Best Film Noir Movies

WTOP Film Critic Jason Fraley ranks the best film noir movies of all time in the gallery below.

Not seeing your favorite movie? It’s probably in a different genre! Check out the full list here.

30. ‘The Postman Always Rings Twice’ (1946) – Tay Garnett

A drifter (John Garfield) convinces a married woman (Lana Turner) to murder her husband, but it winds up being harder than either of them anticipated in this adaptation of the hardboiled novel by James M. Cain.

29. ‘Murder, My Sweet’ (1944) – Edward Dmytryck

Originally titled “Farewell, My Lovely,” this Raymond Chandler adaptation was cinema’s first proper depiction of Detective Philip Marlowe, as Dick Powell became lost in a web of deceit with hypnotic imagery that influenced “Spellbound” and “Get Out.”

28. ‘Point Blank’ (1967) – John Boorman

Lee Marvin’s mysterious protagonist Walker wanders through a maze of mystery seeking his stolen money back in this neo-noir staple with an unexpected cameo by Archie Bunker.

27. ‘Detour’ (1945) – Edgar G. Ulmer

This film noir touchstone stars Tom Neal as a hitchhiker named Al Roberts who becomes more and more in trouble the further he gets down the road.

26. ‘D.O.A.’ (1949) – Rudolph Maté

This noir has one of cinema’s best openings, as a poisoned man walks into a police station. “I’d like to report a murder.” “Who was murdered?” “I was.”

25. ‘The Killers’ (1946) – Robert Siodmark

The fractured narrative of flashbacks rules the day in this puzzle of a gritty boxer (Burt Lancaster) who is killed by hit men, leaving an investigator (Edmond O’Brien) to connect the dots of his dangerous romance with the sultry Kitty Collins (Ava Gardner).

24. ‘The Letter’ (1940) – William Wyler

Bette Davis delivered one of her finest performances as a woman who shoots a man in the opening scene claiming self defense, but a letter could prove her undoing.

23. ‘Gaslight’ (1944) – George Cukor

The term “gaslighting” was popularized by this play-to-film adaptation starring Ingrid Bergman. She plays a wife whose new husband tries to convince her she’s insane.

22. ‘Gilda’ (1946) – Charles Vidor

Glenn Ford is hired to work at a Buenos Aires casino, only to realize his boss’ wife is his former lover, played by Rita Hayworth as an iconic femme fatale shown flipping her hair in “The Shawshank Redemption.”

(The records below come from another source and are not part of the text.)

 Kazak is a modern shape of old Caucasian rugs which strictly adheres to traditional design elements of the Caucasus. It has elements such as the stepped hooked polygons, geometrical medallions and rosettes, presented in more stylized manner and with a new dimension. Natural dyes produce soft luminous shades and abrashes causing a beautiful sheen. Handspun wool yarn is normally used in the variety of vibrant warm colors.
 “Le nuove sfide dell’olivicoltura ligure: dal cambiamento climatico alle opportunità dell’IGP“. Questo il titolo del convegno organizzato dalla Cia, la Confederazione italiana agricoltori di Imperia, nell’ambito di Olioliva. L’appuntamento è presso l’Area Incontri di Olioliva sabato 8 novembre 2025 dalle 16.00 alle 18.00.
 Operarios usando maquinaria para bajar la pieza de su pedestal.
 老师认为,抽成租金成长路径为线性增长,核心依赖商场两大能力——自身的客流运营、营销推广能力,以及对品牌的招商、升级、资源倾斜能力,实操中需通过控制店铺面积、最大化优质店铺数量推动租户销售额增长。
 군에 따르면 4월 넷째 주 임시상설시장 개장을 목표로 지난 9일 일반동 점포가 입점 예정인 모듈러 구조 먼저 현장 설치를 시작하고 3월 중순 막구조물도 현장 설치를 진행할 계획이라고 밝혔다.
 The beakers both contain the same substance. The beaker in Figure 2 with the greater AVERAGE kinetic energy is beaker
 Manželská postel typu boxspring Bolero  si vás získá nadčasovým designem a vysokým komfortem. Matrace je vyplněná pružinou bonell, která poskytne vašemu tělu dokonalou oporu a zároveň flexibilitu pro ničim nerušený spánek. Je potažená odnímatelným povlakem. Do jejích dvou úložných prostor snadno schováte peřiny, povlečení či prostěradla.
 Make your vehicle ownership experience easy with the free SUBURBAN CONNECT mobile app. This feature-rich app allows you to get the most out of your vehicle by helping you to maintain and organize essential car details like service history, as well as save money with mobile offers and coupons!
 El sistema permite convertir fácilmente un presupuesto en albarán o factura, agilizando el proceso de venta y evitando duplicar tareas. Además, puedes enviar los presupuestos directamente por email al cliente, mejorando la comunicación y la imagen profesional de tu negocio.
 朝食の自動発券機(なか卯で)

21. ‘In a Lonely Place’ (1950) – Nicholas Ray

Humphrey Bogart’s alcoholic screenwriter becomes a murder suspect, while his flirtatious next-door neighbor (Gloria Grahame) seeks to clears his name, only to have reasonable doubts about his innocence.

20. ‘The Lady from Shanghai’ (1947) – Orson Welles

Orson Welles directs himself as a seaman who boards a yacht with the tempting Rita Hayworth and gets caught in a complex murder plot that leads to an amusement park fun house with an iconic Hall of Mirrors climax.

19. ‘The Long Goodbye’ (1973) – Robert Altman

Elliot Gould takes a turn as Detective Philip Marlowe investigating a friend who is accused of murdering his wife in this neo-noir presented with fascinating compositions and window reflections by director Robert Altman.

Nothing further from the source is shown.